It is important to note that we observed small numbers (around 18% at E13.5) of WFs in Meis2 cKO expressing normal placodal and DC markers. These rarely formed WF ‘escapers’ in Meis2 cKO mice had normal WF morphology, because their placode thickness, follicle length, and DC size were comparable between controls and mutants at E12.5-E13.5. WF ‘escapers’ in mutants were probably not sensitive to Wnt1-Cre2-mediated deletion of Meis2. Although immunostaining of MEIS2 in snout sections indicated that Meis2 expression around WF escapers was hardly detectable in mutants, a slight but undetectable expression of Meis2 resulting from incomplete gene deletion might account for normal WF formation. On the other hand, it is also possible that Meis1 paralogue can partially substitute for missing Meis2 in its function in the dermal mesenchyme. Alternatively, Meis2 function in WF development might be restricted to a short time window as each WF develops at different time points along the proximal-distal axis.

Materials and Methods

Mouse strains

Generation of the floxed allele of Meis2 gene (Meis2 ^fl/fl) was described by Machon et al. (2015) ⁶⁰ Meis2^fl/fl strain was crossed with reporter mouse lines R26R-EYFP ^fl/fl (RRID:IMSR JAX006148) before crossing with the Wnt1-Cre2 ³³. This reporter enabled monitoring Cre recombination specificity. Wnt1–Cre2 (RRID:IMSR JAX:022137) was used for specific deletion of the Meis2 ^fl/fl gene in neural crest cells. For lineage tracing experiments, we used Wnt1-Cre2 crossed with mTmG (RRID:IMSR JAX:007676). During embryo harvesting, Cre recombination was checked by monitoring EYFP fluorescence. In very rare cases (1-2 embryos in 10 litters), Cre activity in the whole body was observed, indicating germline recombination. Such animals were removed from the analysis, and their parents were removed from crossing schemes. Neurogenin1 knockout mice were purchased from Jax Lab (RRID:IMSR_JAX:017306). Foxd1-GFP-Cre-ERT2 mice were purchased from Jax Lab (RRID:IMSR_JAX:012464). The presence of the vaginal plug was regarded as the embryonic day 0.5 (E0.5). Pregnant mice were anesthetized using isoflurane gas inhalation and euthanized by cervical dislocation. Embryos were dissected and placed in ice-cold PBS. All mice were genotyped as previously described ⁶⁰. Neurog1 and Foxd1 mutant mice were genotyped according to the Jax protocol. All procedures involving experimental animals were approved by the Institutional Committee for Animal Care and Use (permission #PP-10/2019) with every effort to minimize suffering and the number of animals used. This work did not include human subjects.
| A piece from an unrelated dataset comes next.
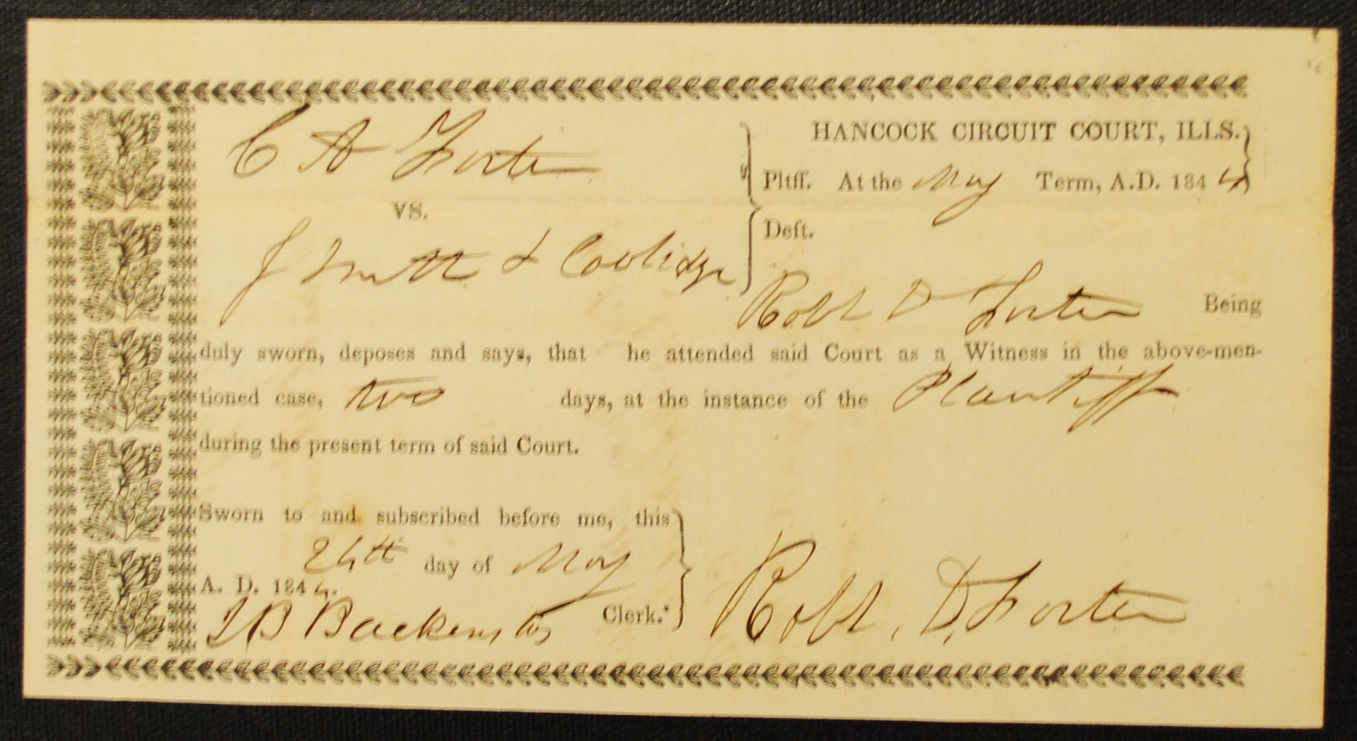 , Affidavit, before , [], Hancock Co., IL, 24 May 1844, C. A. Foster v. JS and Coolidge (Hancock Co., IL, Circuit Court 1844); printed form with manuscript additions in handwriting of ; possibly certified by , 24 May 1844; docket and notation by , [, Hancock Co., IL], 24 May 1844; notation by , [, McDonough Co., IL], 12 Aug. 1844; two pages; McDonough County Circuit Court Files, Illinois Regional Archives Depository vault, Archives and Special Collections, Leslie F. Malpass Library, Western Illinois University, Macomb.

Immunohistochemistry and image processing

All embryos used for staining were harvested at either E12.5 or E13.5 embryonic stages, and heads were fixed in 4% paraformaldehyde (PFA) overnight at 4⁰C. After PFA fixation, samples were prepared in three ways. (1) For FFPE staining, after dehydration in ethanol and xylene, samples were embedded in paraffin, and frontal 10-µm sections were prepared. Followed by stepwise rehydration, antigen retrieval in 0.1 M citrate buffer, pH 6.0, under pressure boiling for 12 min was carried out. (2) For cryosection staining, after dehydration in 30% saccharose for 24 hours, samples were embedded in OCT, and 100 µm cryo-sections were obtained. (3) For whole mount staining, whole heads were directly processed to permeabilization and blocking after PFA fixation.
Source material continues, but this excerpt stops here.